- Coat of arms
- Active: 1 October 2012 – Present
- Country: United States of America
- Allegiance: United States Army
- Branch: United States Army Reserve
- Type: Battalion
- Role: Force sustainment
- Part of: Forces Command
- Motto: VEHICULUM VICTORIAE (Victory's Wagon)

= 63rd Brigade Support Battalion =

The 63rd Brigade Support Battalion (63rd BSB) was a unit in the United States Army Reserve. The unit was activated on October 1, 2012, and the activation ceremony took place on October 21, 2012, at Nellis Air Force Base. The 63rd BSB was headquartered in Sloan, Nevada, southwest of Las Vegas, in the George W. Dunaway United States Army Reserve Center (named for George W. Dunaway, the 2nd Sergeant Major of the Army.)

The 63rd BSB planned, coordinated, synchronized, and executed replenishment operations in support of brigade operations.
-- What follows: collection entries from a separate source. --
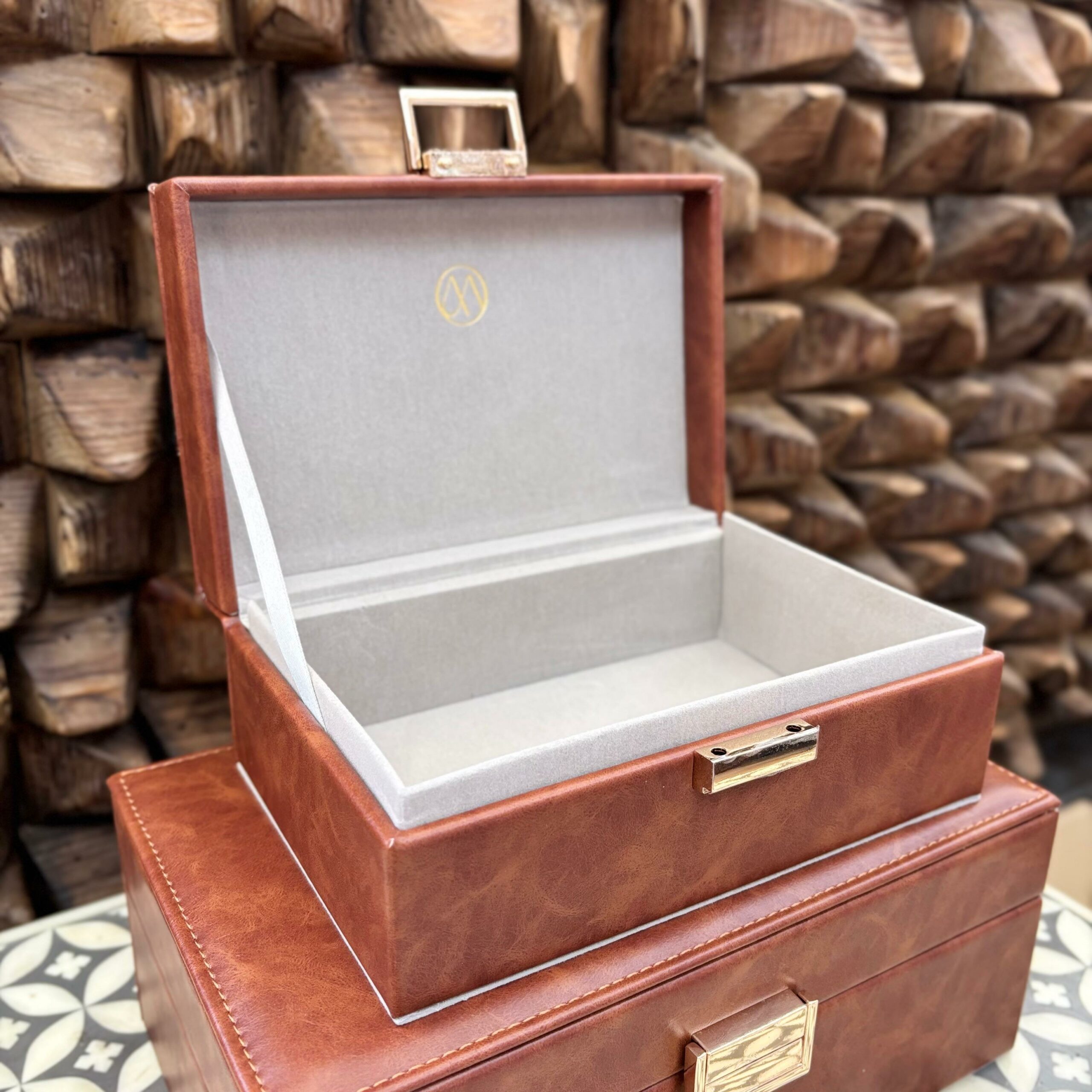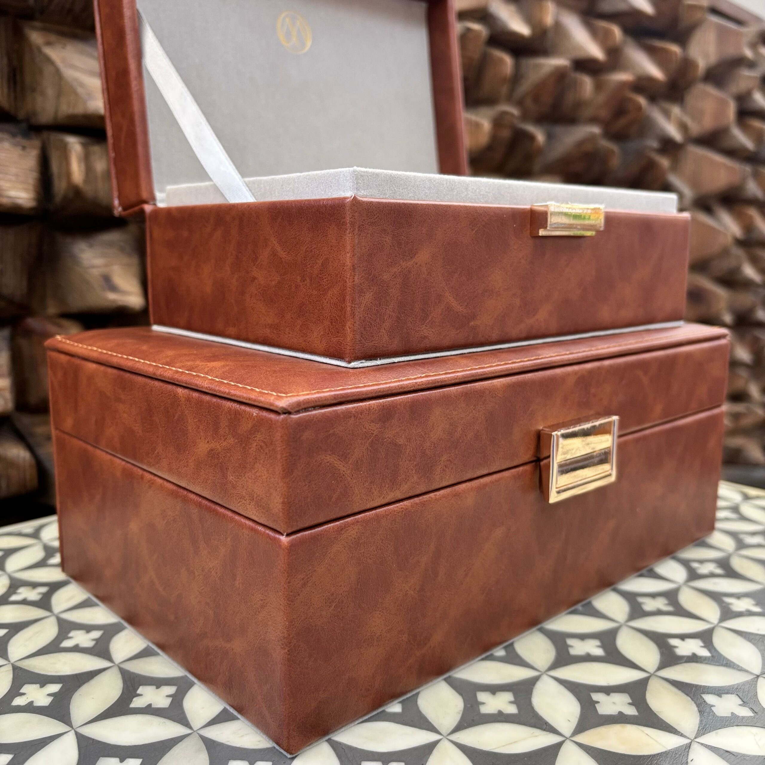 Combinando funcionalidade e elegância, este conjunto com 2 caixas decorativas é ideal para organizar e valorizar a decoração do seu ambiente. Produzidas em madeira com acabamento sofisticado em courino, são perfeitas para guardar pequenos objetos com estilo e praticidade.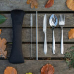Herbruikbare roestvrijstalen bestekset die je gemakkelijk overal mee naartoe kunt nemen en perfect voor als je je lunch mee naar je werk neemt. Deze set bevat een vork, mes, lepel, rietje en borstel, zodat je het rietje kunt schoonmaken. Alle items passen in het neopreen etui met rits en sluitkoord. Geschikt voor de vaatwasser.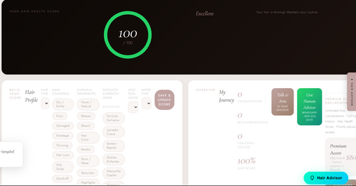 Unlimited Aria conversations · Full hair history · Hair Health Score · Priority advisor access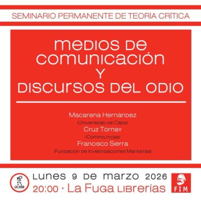 El lunes 9 de marzo, en el local de La Fuga, a las 20h: Medios de comunicación y discursos del odio, con Macarena Hernández. Universidad de Cádiz, Cruz Tornay. COMPOLITICAS y Javier Moreno.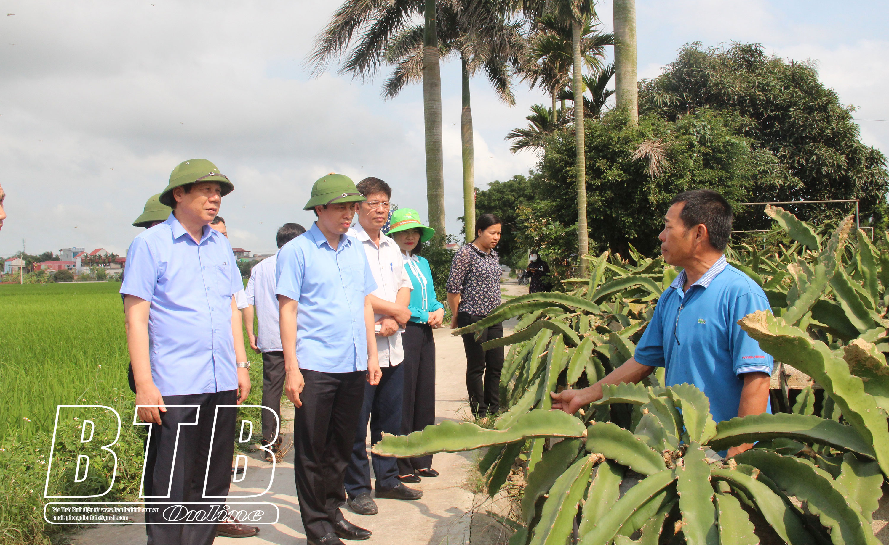 Các đồng chí lãnh đạo tỉnh kiểm tra sản xuất nông nghiệp tại xã Thụy Duyên (Thái Thụy).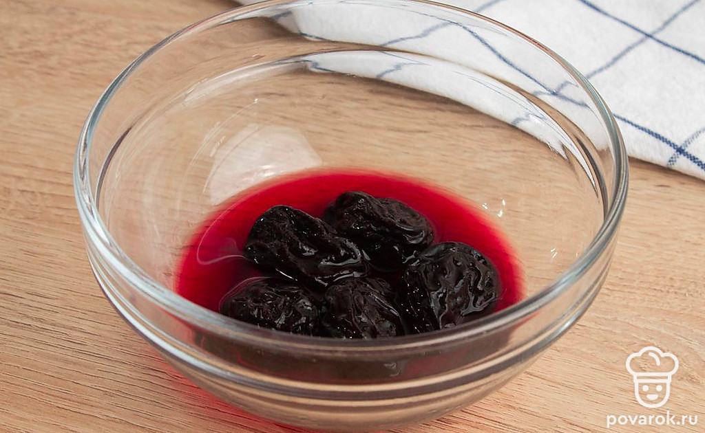 Выложите чернослив в небольшую миску и залейте вином. Оставьте чернослив настаиваться на 30 минут.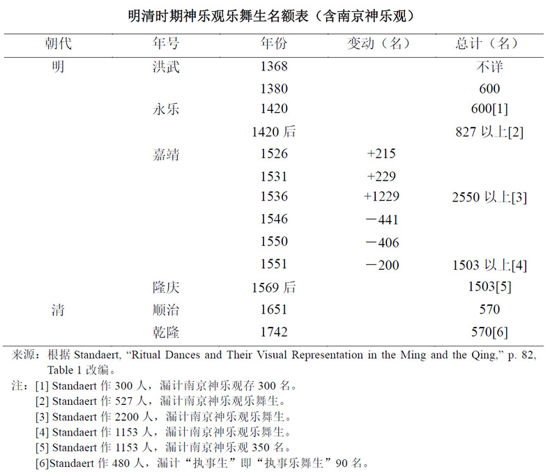 神乐观额定乐舞生人数,历朝不一(参见下表)。据《太常续考》,洪武十三年前后,额设乐舞生六百名,“内选声音洪亮、礼度娴熟者,分为典仪、通赞、掌乐、教师”。永乐朝迁都北京时,存留一半于南京,另三百名前往北京,后“续添至五百二十七名”。至嘉靖朝,随着礼制改革的进行,乐舞生的数量也有大幅度的增长。嘉靖五年(1526),世庙添二百一十五名;十年(1531),建太岁神祗坛,添二百二十九名;十五年(1536),建九庙,添一千二百二十九名,至此共有乐舞生二千二百名。其后经嘉靖二十五年(1546)至三十年(1551)的几次裁革,最后,乐舞生人数大体固定在一千一百五十三名左右。必须指出,这个数据应该只是北京神乐观乐舞生的名额,南京神乐观的三百五十名乐舞生尚未计入。清朝入主中原后,重定乐舞生名额。顺治元年,定神乐观乐舞生五百七十名。乾隆七年后定为四百八十名。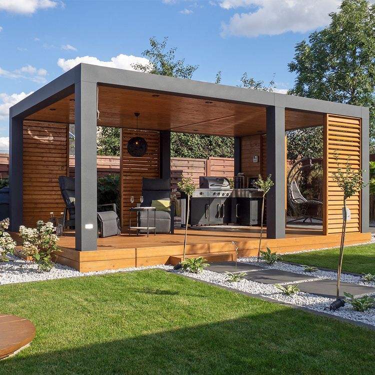 ศาลาสวนสไตล์ยุโรปกระท่อมแสงแดดส่องถึงหน้าบ้านหลังคาบานเกล็ดอลูมิเนียมซุ้มซุ้มไม้เลื้อย
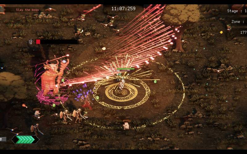 Slay enemies putting a new world in danger as you traverse it. Genesia is an action rogue-lite game where you battle merciless hordes of monsters that number in the hundreds of thousands, cut your way through their ranks, take down the boss, and save one of the many worlds.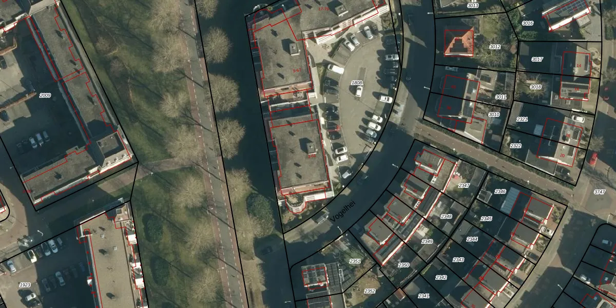 Het perceel waarop Vogelhei 57 staat heeft een oppervlakte van 2954 m². Dit is een zeer groot perceel. De perceeloppervlakte wordt geregistreerd door het Kadaster. Gedetailleerde informatie over de maten van dit perceel kunt u vinden in het rapport Kadastrale kaart met maatvoering van Vogelhei 57.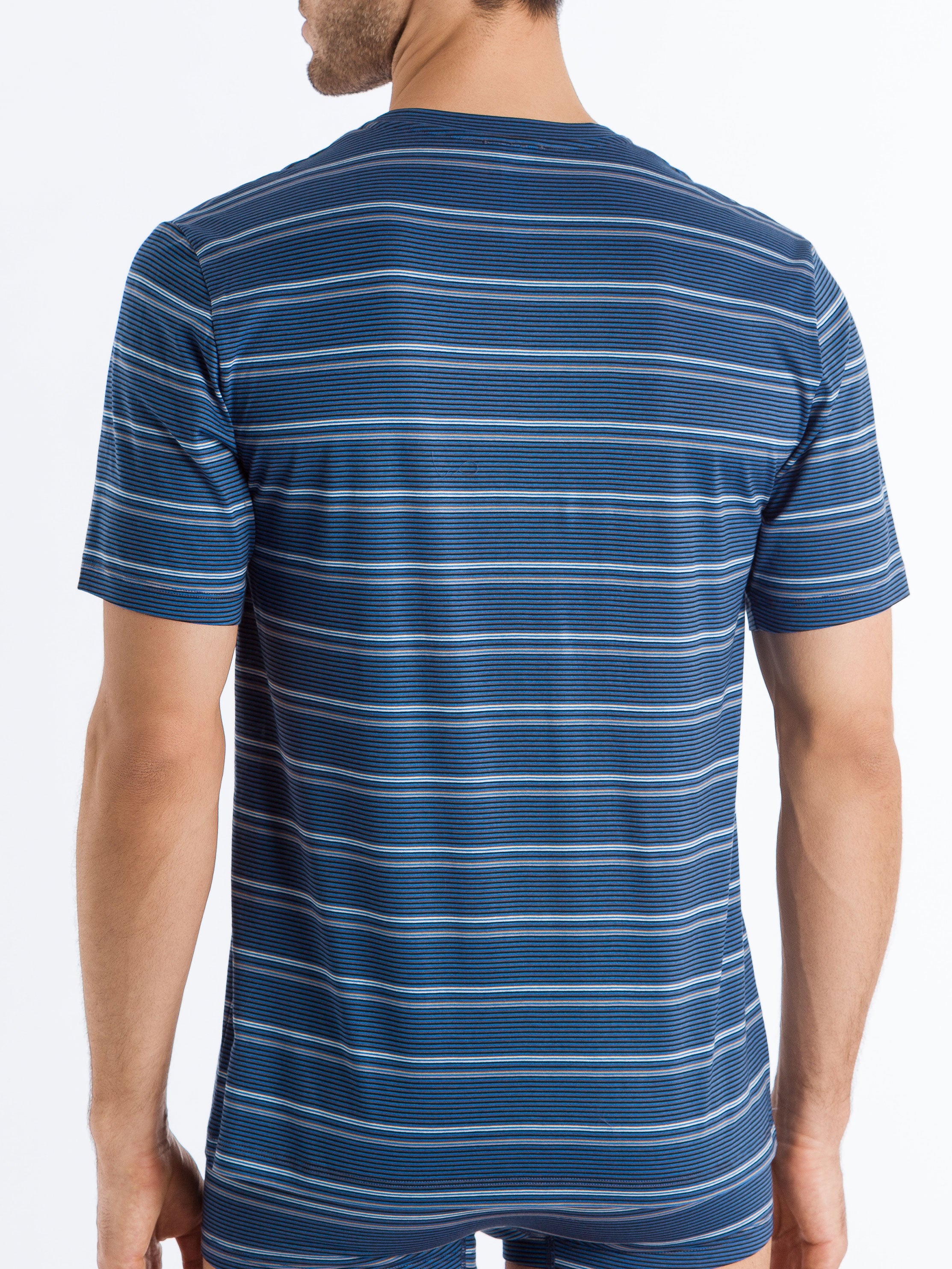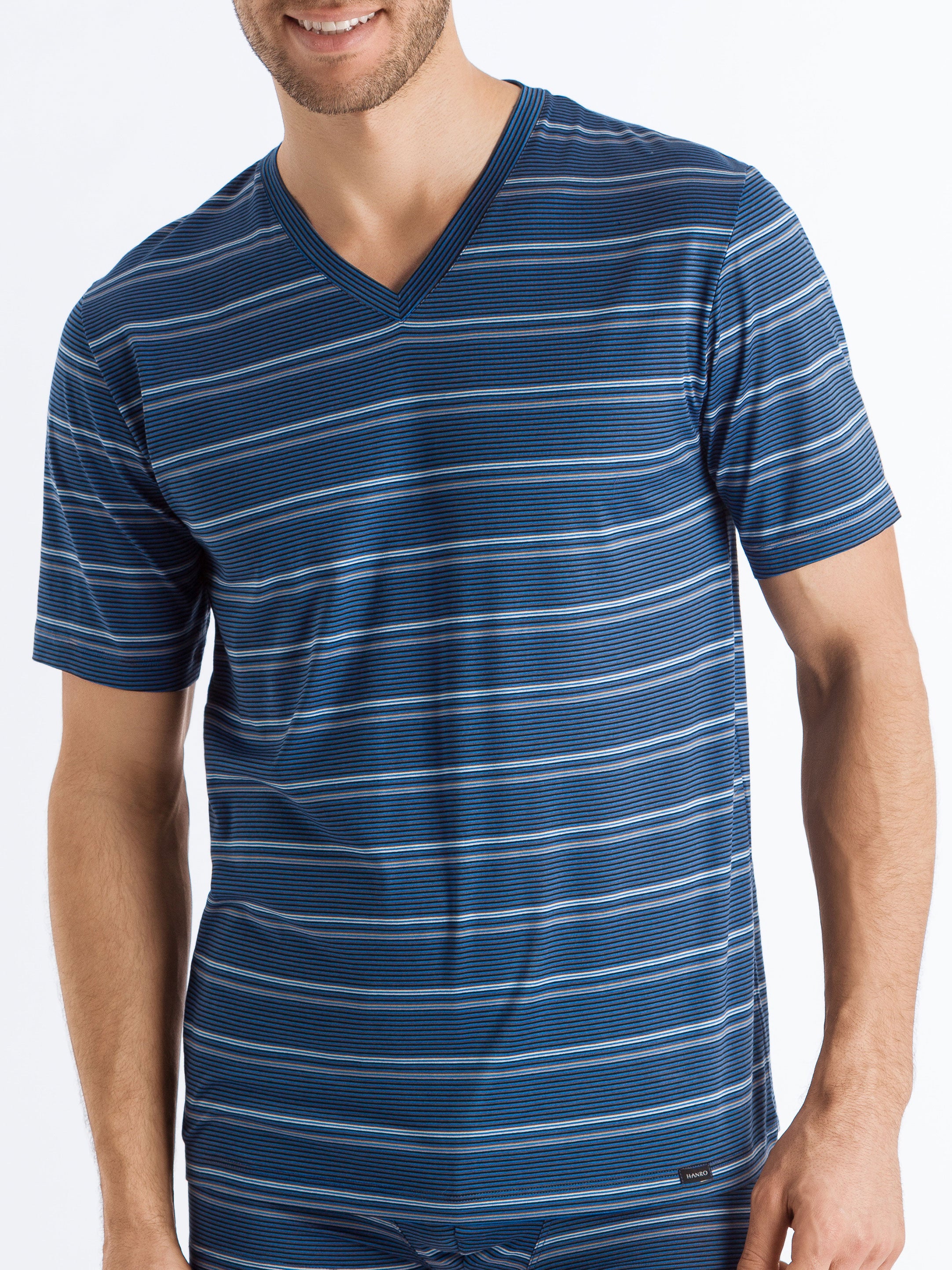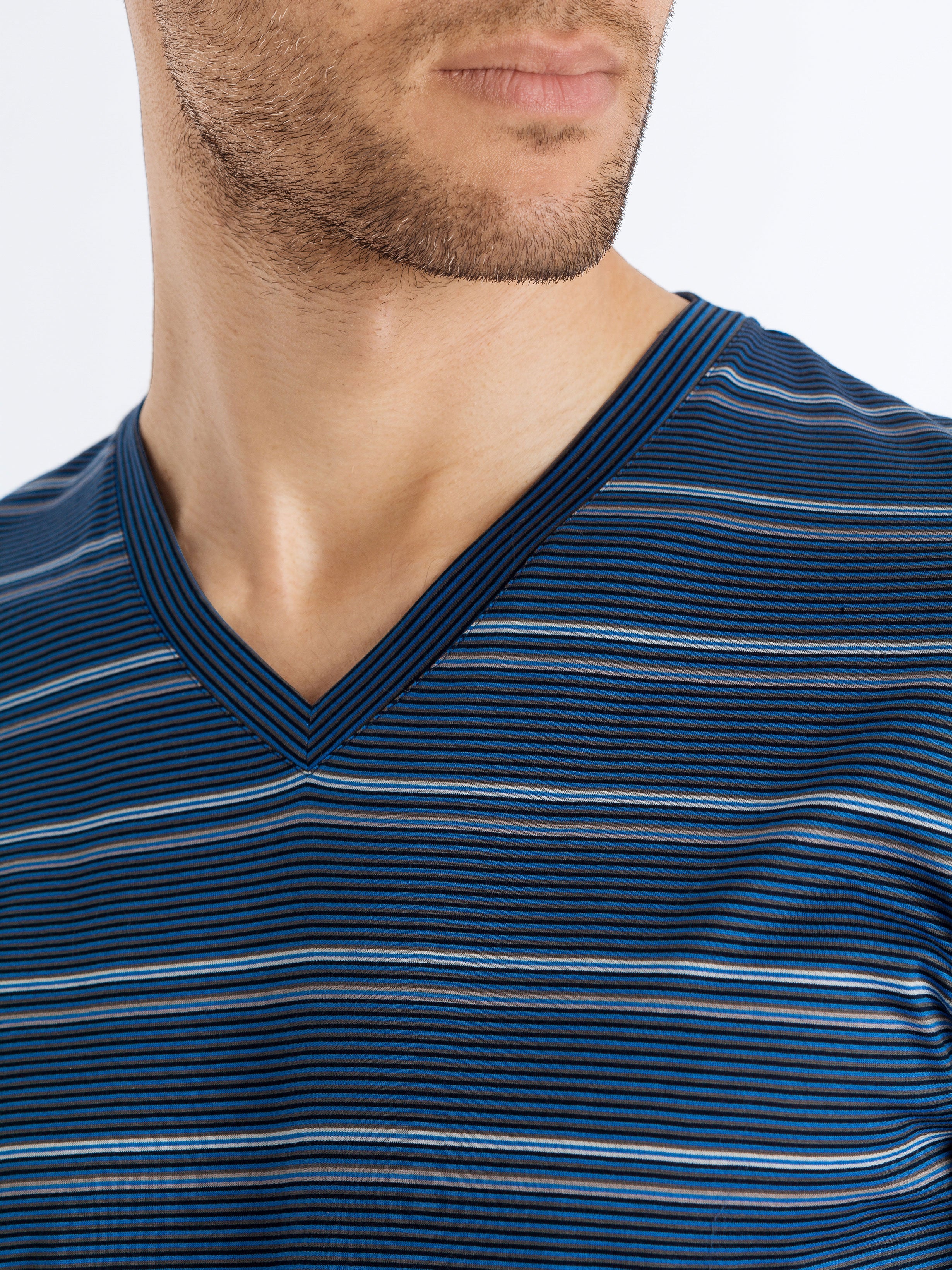 Élégant t-shirt à col en V avec un design à rayures en coton mercerisé de qualité jersey simple.

Some of the 63rd BSB's key supply operations included providing food service, basic levels of health care, and field maintenance.

An inactivation ceremony was held for the battalion on August 6, 2017, with an effective date of September 15, 2017.

==Heraldry==
The unit's insignia was approved on 9 July 1964 during a previous period of service when the unit was designated as the 63rd Supply and Transport Battalion. The battalion carries the lineage of the 63d Quartermaster Company, 63d Infantry Division of the World War II era.